I'm so glad you found a member to take you up on your offer, and I love the TPF salute!:cheer:


----------



## JacaRanda (Jul 26, 2013)

Simply wayyy freakin cool!  I cold honestly group hug you all.


----------



## Tiller (Jul 26, 2013)

The salute should be with the lens pointed toward your head 

That seemed like an awesome opportunity. Good on y'all for offering such a cool experience.


----------



## frommrstomommy (Jul 26, 2013)

love the salute!


----------



## Robin_Usagani (Jul 26, 2013)

Congrats Manny and Pixmedic!  You two make a great couple!


----------



## ronlane (Jul 26, 2013)

That's cool. Manny, when are you going to share some of your shots?


----------



## JacaRanda (Jul 27, 2013)

JacaRanda said:


> Simply wayyy freakin cool!  I cold honestly group hug you all.



I could also spellcheck.  Oopsie.


----------



## JacaRanda (Jul 27, 2013)

Dang spellcheck could.


----------



## JacaRanda (Jul 27, 2013)

I give up for tonight.


----------



## tirediron (Jul 27, 2013)

Pix... dude... how many times I gotta tell ya'... ya' CAN'T wash the missus in hot water, she'll shrink! 



Very cool meet-up!


----------



## Buckster (Jul 27, 2013)

Pix, there is truly a special place in Photographer Heaven for people like you and the Mrs.

Your generosity never ceases to inspire.

Thanks for being you.


----------



## Rwsphotos (Jul 27, 2013)

Lmao Tirediorn no hot water it's just me. How I hooked up with mr tall, dark and handsome 19 years thats ago is a mystery.


----------



## tirediron (Jul 27, 2013)

Rwsphotos said:


> Lmao Tirediorn no hot water it's just me.

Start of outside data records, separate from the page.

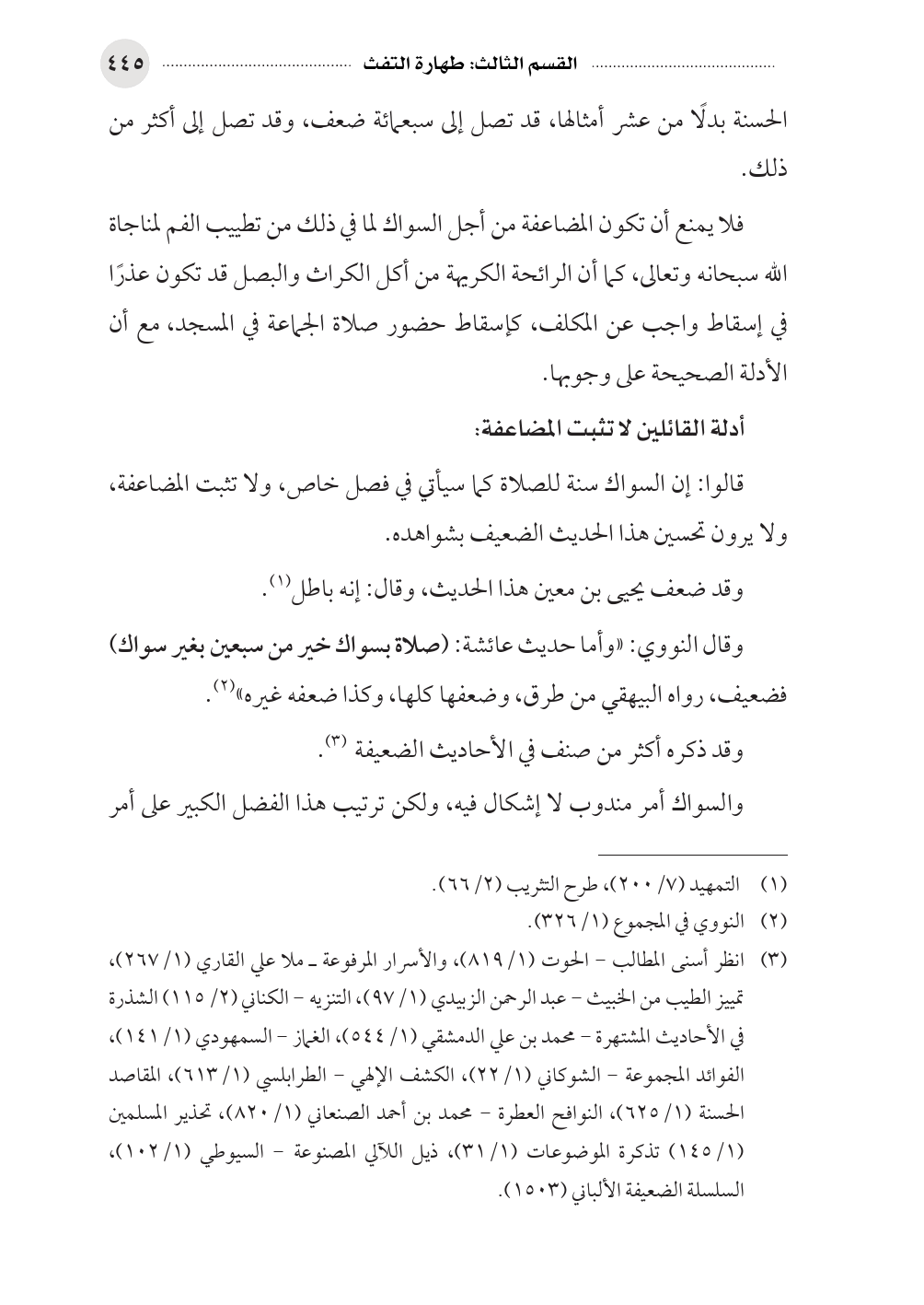 وقال النووي: «وأما حديث عائشة: (صلاة بسواك خير من سبعين بغير سواك) فضعيف، رواه البيهقي من طرق، وضعفها كلها، وكذا ضعفه غيره» (¬٢).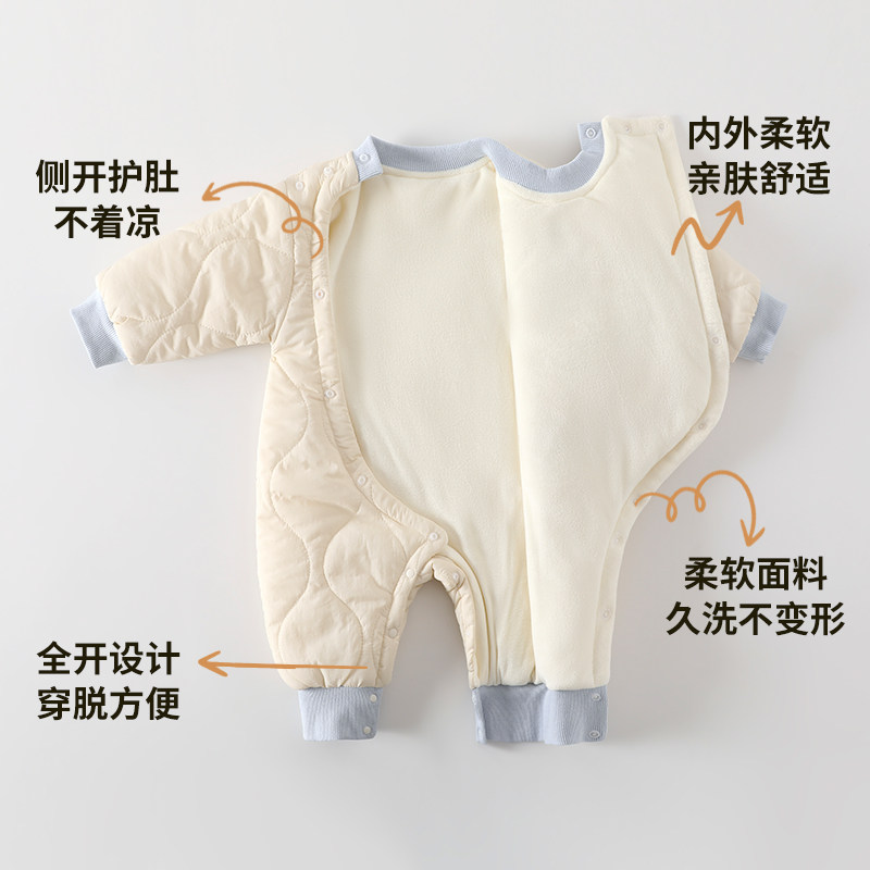 贝肽斯婴儿薄夹棉连体衣冬装外出新生幼儿宝宝衣服保暖空气棉睡衣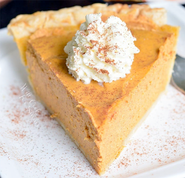 Combine the pumpkin, remaining sugar, salt and spices. Blend until smooth then add the eggs and evaporated milk. Mix until smooth then pour the mixture into the pie shell. Place in an oven pre-heated to 180°C and bake for about 60 minutes, or until the pastry is golden and the filling has stet. Allow to cool completely before cutting into wedges and serving.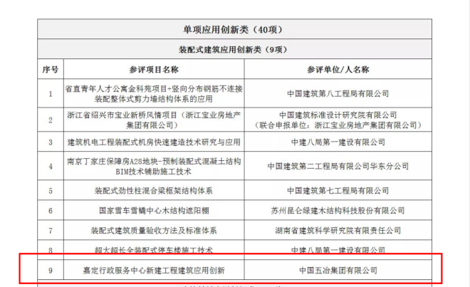 中國五冶嘉定行政服務中心新建工程榮獲“建築應用創新大獎”

How I hooked up with mr tall, dark and handsome 19 years thats ago is a mystery.


----------



## manny212 (Jul 27, 2013)

Let me just start off by saying I had the honor and pleasure to shoot with Jason and his lovely wife yesterday . The two nicest people anyone will ever meet . Even if I don't get a single image , I'm still a winner for meeting these two fine folks .

What they offered here was an invaluable learning experience that i wont soon forget . 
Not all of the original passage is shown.